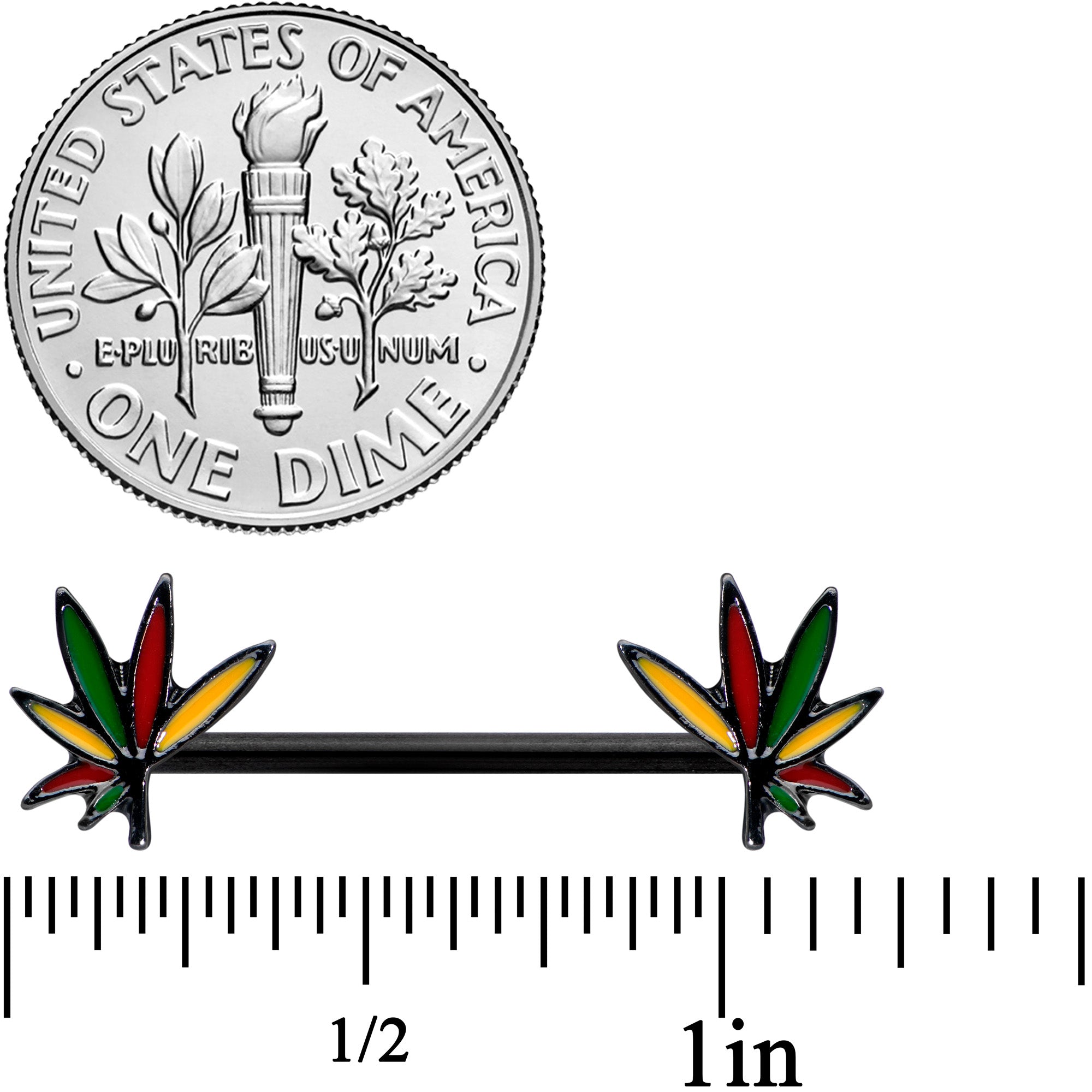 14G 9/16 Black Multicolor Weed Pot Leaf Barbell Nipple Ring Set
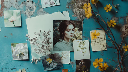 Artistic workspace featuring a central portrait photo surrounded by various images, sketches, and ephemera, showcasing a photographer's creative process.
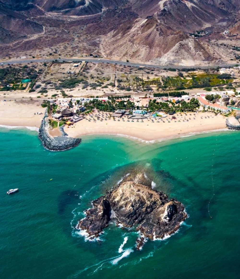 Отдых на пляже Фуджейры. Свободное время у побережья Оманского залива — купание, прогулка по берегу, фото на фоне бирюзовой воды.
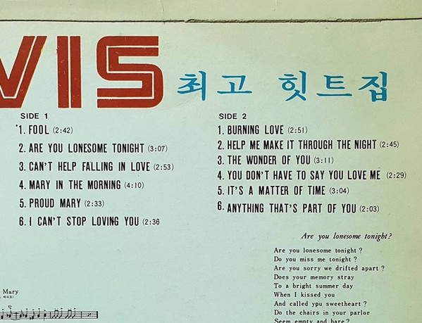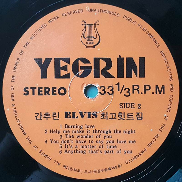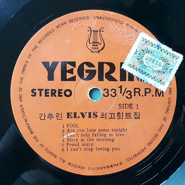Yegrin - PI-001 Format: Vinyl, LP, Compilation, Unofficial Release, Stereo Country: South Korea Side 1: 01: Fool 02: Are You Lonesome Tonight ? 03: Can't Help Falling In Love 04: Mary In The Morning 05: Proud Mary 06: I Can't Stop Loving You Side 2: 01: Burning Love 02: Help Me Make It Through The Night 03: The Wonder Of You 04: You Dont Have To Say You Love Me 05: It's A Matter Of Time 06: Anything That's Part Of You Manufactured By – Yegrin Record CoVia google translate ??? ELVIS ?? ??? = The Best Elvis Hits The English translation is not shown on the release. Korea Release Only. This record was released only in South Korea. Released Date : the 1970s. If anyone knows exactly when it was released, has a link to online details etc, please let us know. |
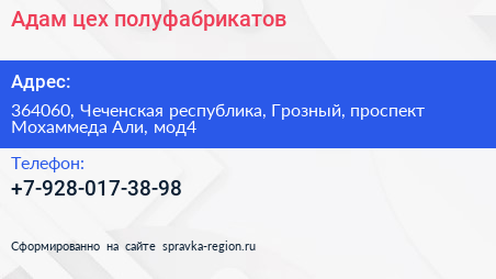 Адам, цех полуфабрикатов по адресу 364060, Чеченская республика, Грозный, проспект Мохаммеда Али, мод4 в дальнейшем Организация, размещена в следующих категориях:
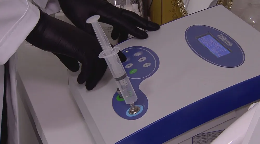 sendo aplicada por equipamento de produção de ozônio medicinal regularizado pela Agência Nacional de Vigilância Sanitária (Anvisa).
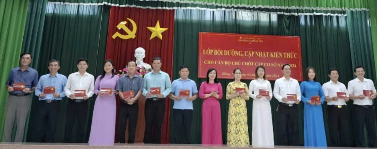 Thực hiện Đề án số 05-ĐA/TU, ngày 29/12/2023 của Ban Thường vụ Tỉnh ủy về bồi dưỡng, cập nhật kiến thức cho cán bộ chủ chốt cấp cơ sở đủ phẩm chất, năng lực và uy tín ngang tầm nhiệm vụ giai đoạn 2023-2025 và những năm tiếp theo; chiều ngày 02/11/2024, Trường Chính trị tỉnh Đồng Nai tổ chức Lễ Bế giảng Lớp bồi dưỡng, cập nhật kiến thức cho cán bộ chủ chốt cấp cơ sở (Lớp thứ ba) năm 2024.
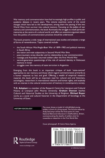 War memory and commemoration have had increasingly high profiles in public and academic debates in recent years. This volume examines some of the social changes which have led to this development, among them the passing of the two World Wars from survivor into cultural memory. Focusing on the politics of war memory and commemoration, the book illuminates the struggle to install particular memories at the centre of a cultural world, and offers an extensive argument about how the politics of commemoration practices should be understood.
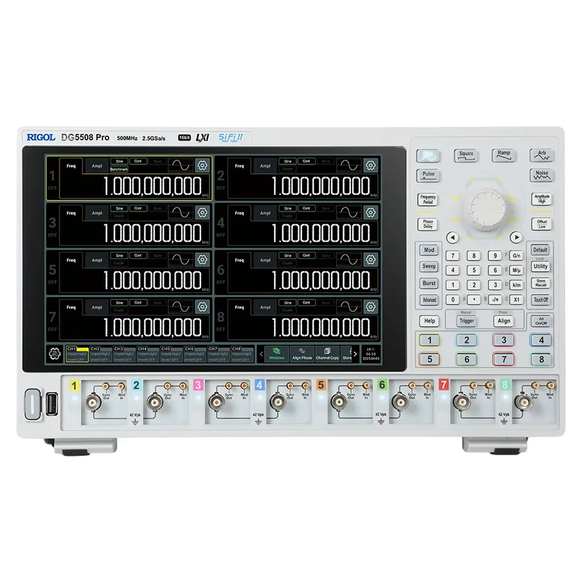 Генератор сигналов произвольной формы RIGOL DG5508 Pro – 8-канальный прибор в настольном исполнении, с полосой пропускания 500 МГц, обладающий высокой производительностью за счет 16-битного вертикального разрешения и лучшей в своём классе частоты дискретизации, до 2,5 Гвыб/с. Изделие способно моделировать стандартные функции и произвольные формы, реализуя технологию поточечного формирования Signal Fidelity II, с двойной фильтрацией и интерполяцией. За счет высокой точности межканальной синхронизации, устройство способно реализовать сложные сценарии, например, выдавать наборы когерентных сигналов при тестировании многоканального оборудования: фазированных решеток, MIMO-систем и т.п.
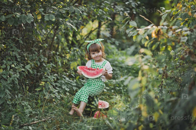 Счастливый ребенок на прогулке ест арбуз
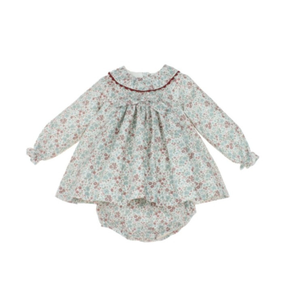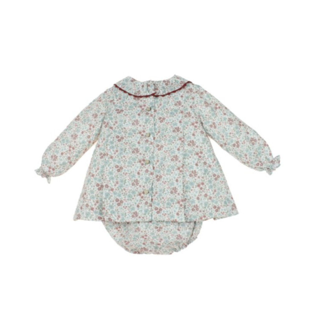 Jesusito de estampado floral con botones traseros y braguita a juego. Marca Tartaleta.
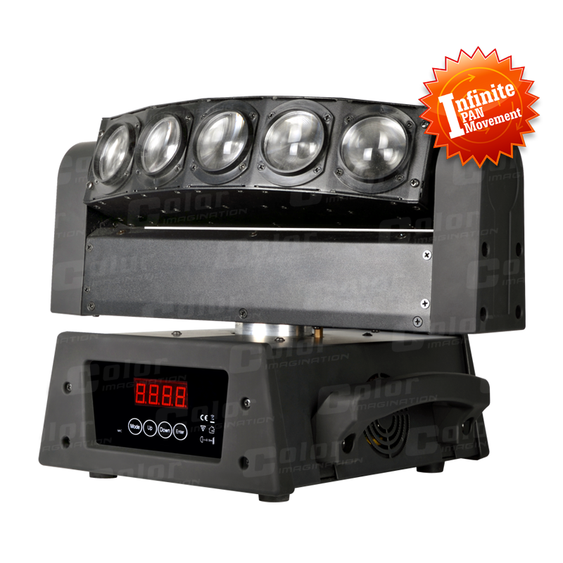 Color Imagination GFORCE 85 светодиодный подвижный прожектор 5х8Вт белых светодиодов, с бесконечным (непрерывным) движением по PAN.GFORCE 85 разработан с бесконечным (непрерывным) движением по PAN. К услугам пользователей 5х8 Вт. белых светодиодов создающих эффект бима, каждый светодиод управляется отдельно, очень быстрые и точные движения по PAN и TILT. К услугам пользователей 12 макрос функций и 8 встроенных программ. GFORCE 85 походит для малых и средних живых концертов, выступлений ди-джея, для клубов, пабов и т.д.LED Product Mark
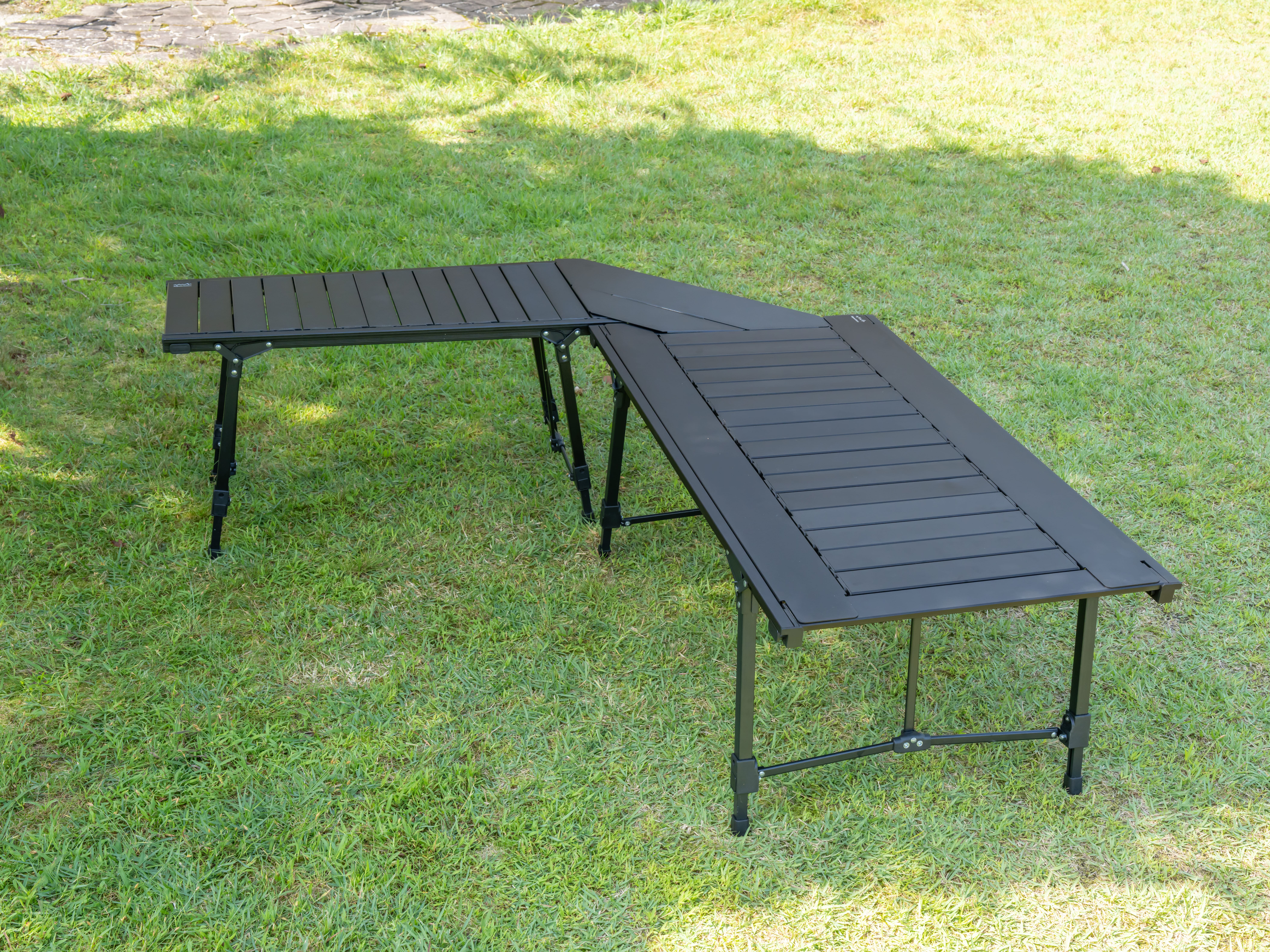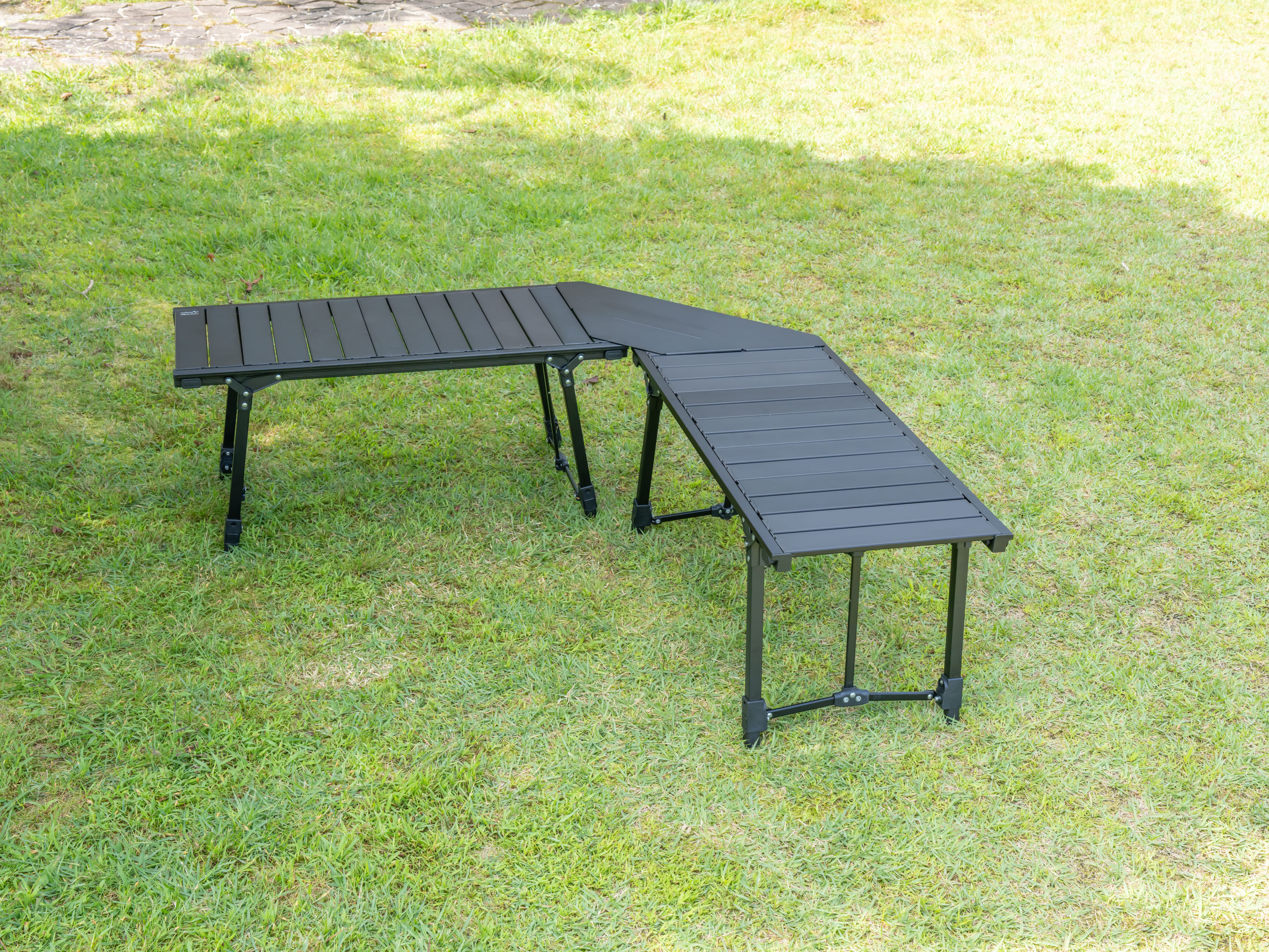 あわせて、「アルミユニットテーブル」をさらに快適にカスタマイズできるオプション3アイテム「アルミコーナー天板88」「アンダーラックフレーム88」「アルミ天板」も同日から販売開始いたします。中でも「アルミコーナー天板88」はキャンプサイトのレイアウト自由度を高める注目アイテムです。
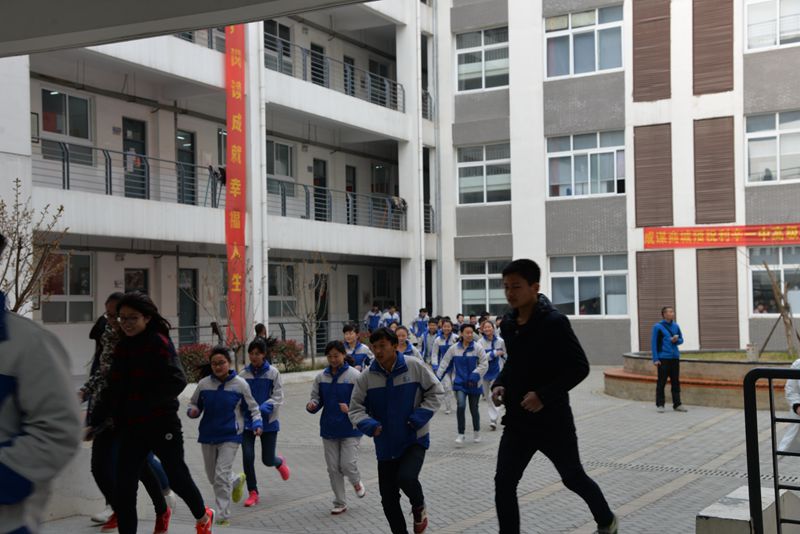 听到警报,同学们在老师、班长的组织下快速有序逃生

### ASSIGNMENT
Write out only the lines from the line containing "Color Imagination GFORCE" through the end of the material above, both end lines included. Pictures are not written out.

### TASK OUTPUT
 Color Imagination GFORCE 85 светодиодный подвижный прожектор 5х8Вт белых светодиодов, с бесконечным (непрерывным) движением по PAN.GFORCE 85 разработан с бесконечным (непрерывным) движением по PAN. К услугам пользователей 5х8 Вт. белых светодиодов создающих эффект бима, каждый светодиод управляется отдельно, очень быстрые и точные движения по PAN и TILT. К услугам пользователей 12 макрос функций и 8 встроенных программ. GFORCE 85 походит для малых и средних живых концертов, выступлений ди-джея, для клубов, пабов и т.д.LED Product Mark
 あわせて、「アルミユニットテーブル」をさらに快適にカスタマイズできるオプション3アイテム「アルミコーナー天板88」「アンダーラックフレーム88」「アルミ天板」も同日から販売開始いたします。中でも「アルミコーナー天板88」はキャンプサイトのレイアウト自由度を高める注目アイテムです。
 听到警报,同学们在老师、班长的组织下快速有序逃生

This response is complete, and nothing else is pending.